Alla vigilia delle Europee 2019 ancora l'Espresso dedicò un'inchiesta a presunti affari loschi di Matteo Salvini. Titolo: «Prima i soldi degli italiani», parafrasando lo slogan caro al segretario leghista. Alle elezioni che si sarebbero svolte qualche settimana dopo la Lega raggiunse il suo massimo storico, il 34,26%. Il «losco affarista», insomma, fu scelto da più di un elettore su tre. Erano gli anni in cui Giorgia Meloni era condiserata ancora una partner minore della coalizione. Certo, non mancavano ritratti al vetriolo sulla presidente di Fratelli d'Italia, prevalentemente sul suo linguaggio troppo romanesco e «borgataro» e sull'apologia del fascismo in cui cadeva una parte residuale della sua classe dirigente. Ma nessuno, ancora, aveva messo nel mirino presunti guai con la giustizia o giri di soldi poco chiari. Con un casellario giudiziario pulito, Meloni era semplicemente la «ducetta» e i suoi dei «fascisti da operetta». Il resto è storia recente. Fratelli d'Italia ha superato gli altri partiti della coalizione nei sondaggi e oggi la sua leader ha buone ragioni per immaginarsi, nel giro di qualche mese, a Palazzo Chigi.
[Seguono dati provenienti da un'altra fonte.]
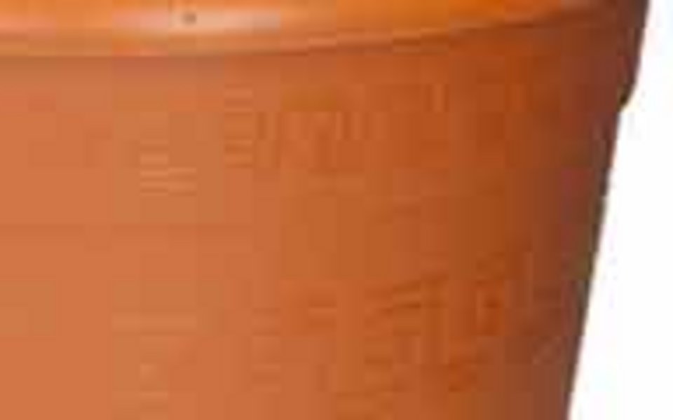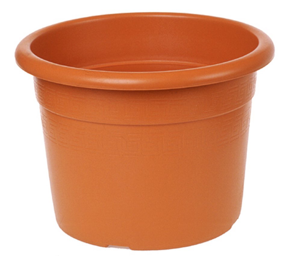 Conteneur déco en plastique robuste, résistant au gel et aux UV. En couleur terre cuite, avec trous au fond.

Così l'anno scorso è arrivata l'inchiesta sulla «lobby nera» di Fanpage e, oggi in edicola, la copertina de l'Espresso «Mazzetta nera», con Giorgia che confabula con il fedelissimo Ignazio La Russa. Intorno a lui, si legge, graviterebbe un «giro di affari» non si sa bene se legale o meno. In attesa di leggerne i contenuti, come si dice in questi casi: la giustizia farà il suo corso.

 

 

Se i precedenti contano qualcosa, però, inchieste e indagini fioriscono come in primavera alla vigilia delle elezioni, per poi appassire e scomparire dai radar dopo il voto. O magari andrà diversamente. Magari arriverà un'altra inchiesta con prove inoppugnabili che dimostreranno come Silvio Berlusconi sia in realtà un boss della mafia, Matteo Salvini un agente del Kgb sotto copertura e Giorgia Meloni la vera responsabile occulta della Strage di Bologna (d'altronde, all'epoca aveva ben 3 anni e qualche giorno fa al riguardo «La Stampa» la invitava a fare i conti con la storia). Magari i tre leader del centrodestra si presenteranno in lacrime davanti ai microfoni e ammetteranno tutto, supplicando gli elettori di non votarli. Il rischio, però, dopo trent' anni a gridare «al lupo al lupo», è che gli italiani non ci crederebbero più. E li voterebbero lo stesso.